# jawsome-core

A Clojure library of functions useful for JSON manipulation and analysis
of collections of JSON documents.

There are many parts to the JSON life cycle. While often JSON is
coming out of some sort of store or API that guarentees well formatted
JSON, it's not unusual that we need to be able to process JSON that
was generated by an application by very human developers, and, as
such, may be less than perfect, let alone parsable.  Recognizing this,
we view the life cycle of JSON as such:

1. Read from some sort of storage, possibly as raw text
2. Requires raw text processing in order to make it "readable"
3. Requires manipulation to ensure records are consistent
4. Needs to have a schema defined for the collection


#### Raw text cleanup

While JSON can originate in many places, it often can come directly
from a file. Files, often can be very dirty. They might contain
comments, they might contain unreadable lines of JSON, they might be
filled with errors from the process that had been generating the log
files- _ultimately the JSON data may be in some such state that it
cannot be parsed because for one reason or another its not valid
JSON._

##### Nested, escaped, JSON forms

Often times, applications that are writing out JSON data may have
components that are also writing out JSON data and returning them as
strings- these applications yield JSON records where some property's
value may be an escaped JSON string.  Having to write code to
specifically remove the escaping so that the JSON is parseable with
its structure intact is very tedious. While this may result in
parseable JSON records, we really want to be able to traverse into
those nested property paths. As such assume that we would want to
unescape any inner nested JSON.


##### Handling of Unicode characters

Many systems encode unicode a number of different ways. We need to
ensure that various encodings are readable so that we don't encounter
exceptions when attempting to parse the JSON, nor lose the data
captured by the unicode characters.

##### Extensibility

We also want to make sure this phase is extensible so that users can
supply their own raw text cleanups to ensure the files are parseable
or correct errors outside of JSON.

As such, users can provide a function that takes a string and returns
a string.


#### Transformations

Once the JSON data is parsable, it's much easier to work with as an in
memory map. As such, there are many common transformations that we
would like to offer through configuration since they are common
reoccuring patterns.

##### Property Renaming, Remapping and Pruning
  Renaming keys, altering the property paths of values, or pruning
  them all together.

##### String Value Reification (Nullify, Numberify, Boolify, Arrayify, Mapify) #####

  Parsing values to determine if they can have their type simplified
  from simply being a string. This step will also unbox stringified
  nested maps, nested arrays, inner escaped JSON, booleans, nulls,
  and numbers up to 19 digits.

##### Value Synonym Mapping
  Coverting synonyms for values to those literal values (e.g. `"-"` =>
  `null`, `"yes"` => `true`, `""` => `""`)

##### Null Pruning
  Removing keys whose corresponding values are `null`

##### Property path value-type filtering (i.e. type enforcement) #####

  For particular fields that we always expect to have a value in a
  particular range of values (e.g. strings, numbers, booleans), remove
  any fields that do not have an expected value.

##### Static value injection
We may want to inject static values for various reasons.
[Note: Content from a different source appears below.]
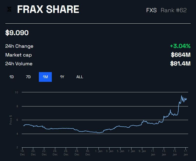 Các công cụ phái sinh liquid staking đã thúc đẩy giá của token gốc, Frax Share, cao hơn trong năm nay. Theo đó, giá FXS token đã tăng gần gấp đôi trong hai tuần qua. Tại thời điểm BeInCrypto viết bài, giá FXS được giao dịch ở mức 9.09 USD, sau khi tăng 3% trong 24h qua và đi ngược xu hướng trong ngày của cả thị trường tiền điện tử. Đáng chú ý, nó đã tăng 120% từ mức 4.13 USD vào đầu năm nay.
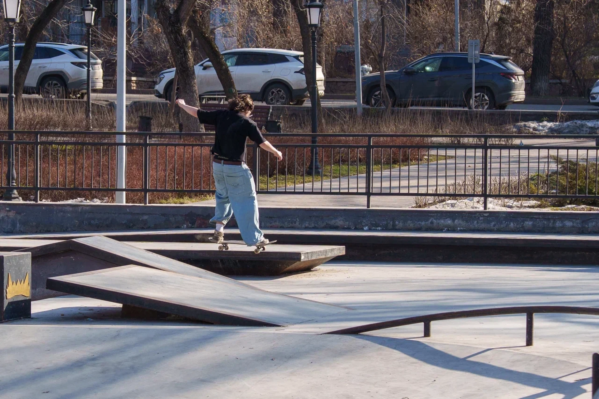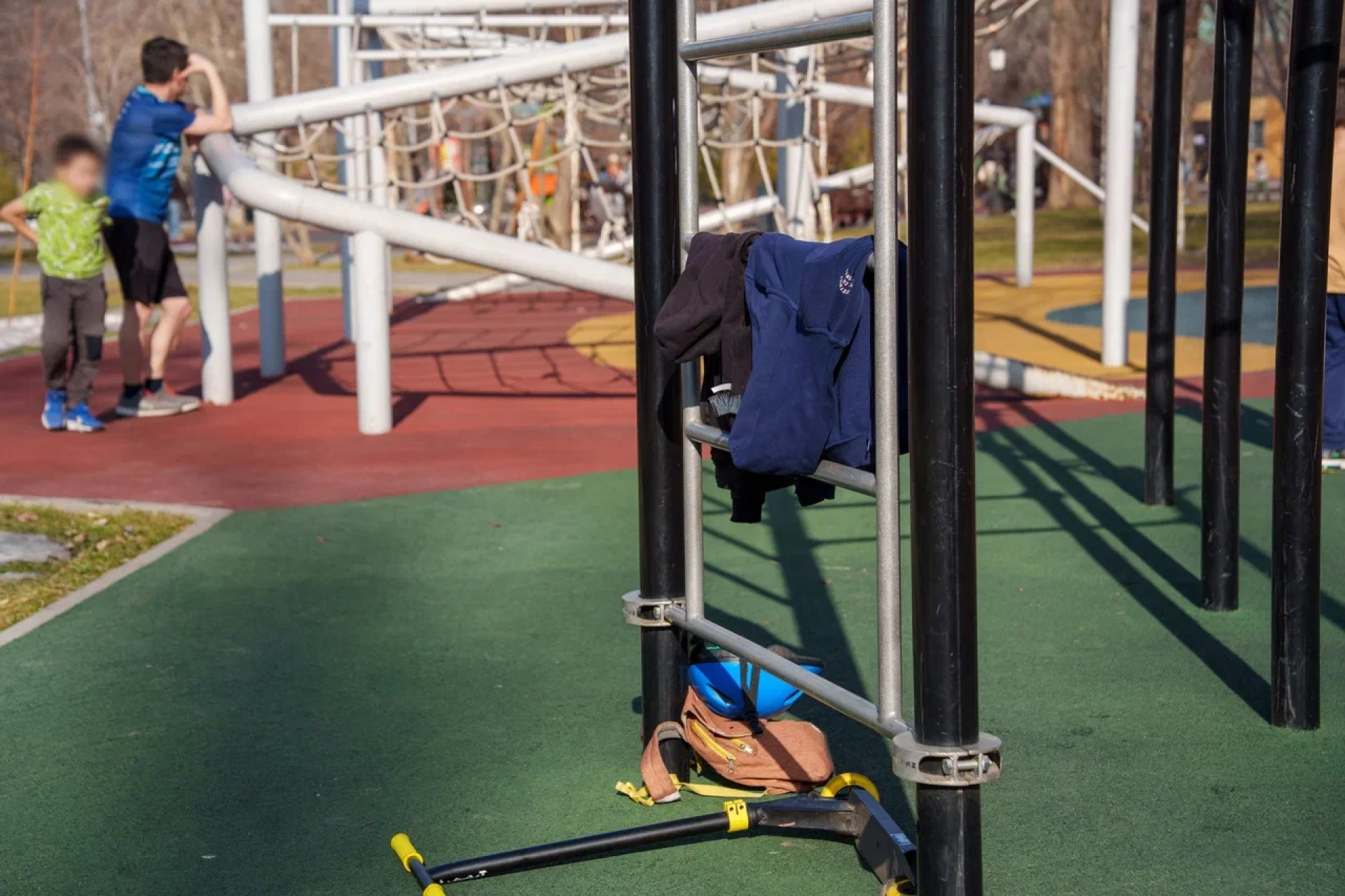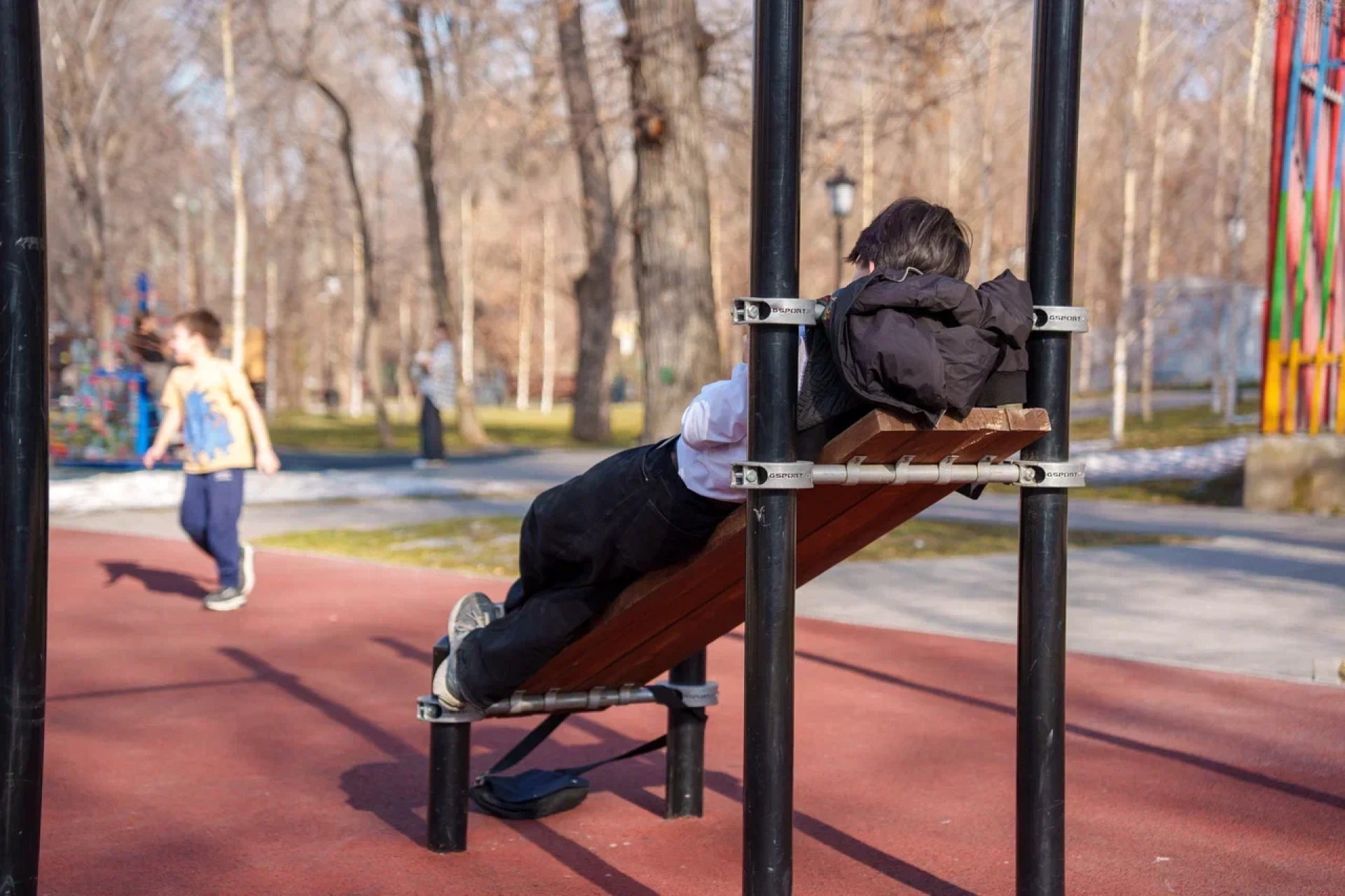На детских площадках — летняя атмосфера. Дети и подростки развлекаются на турниках, качелях и в скейт-парках, а их куртки и толстовки висят рядом – на перилах и спинках скамеек.

The thing about these transformations is that they are very sensitive
to the order in which they are performed. It wouldn't make sense to
remove all the values that are null, before we've applied a
transformation that maps all the synonyms for null values to
null. Similarly, it wouldn't make sense to walk each record and turn
all of the strings that appear as valid numbers or synonyms for
boolean values into numbers or booleans after
removing any key-value pairs that don't match a configured type
requirement for those fields.

This means all of these transformations themselves form their own
ordered pipeline.  As such, we propose that the most reasonable order
for these transformations to take place in is as follows:

1. String Value Reification (Numberify, Boolify, Arrayify, Mapify)
2. Value Synonym Mapping
3. Property Renaming, Remapping and Pruning
4. Null pruning
5. Property path value-type filtering (i.e. type enforcement)
6. Static value injection

###### Extensibility

Sandwiched around this pipeline, the end user can supply their own
transformations- enabling the user to do any preprocessing they like,
or any post processing, and by sandwiched, I do indeed mean that they
can provide a function that takes a clojure map and return a clojure
map before the 6 steps above run, and after the 6 steps above run.

It's important to note that *Every step in the pipeline accepts a map and returns a map, nil, or false*

This has two important implications:

1. If `nil` or `false` is returned, it's assumed that this element should be filtered our
and not make it into the final data set.
2. A user should be careful when supplying his own transformation
functions to ensure they do not return nils or falses when they mean
to take no action.


During this transformation phase, there are a number of places that a
user may want to inject their own custom transformations, as this is
the prime time to specify transformation functions that operate on and
return json map every step of the way.


-- Pre denorm
8. Property Name Hoisting
-- Post denorm
8. Property Name special character handling -- move out?



## License

Copyright © 2013 One Kings Lane

Distributed under the Eclipse Public License, the same as Clojure.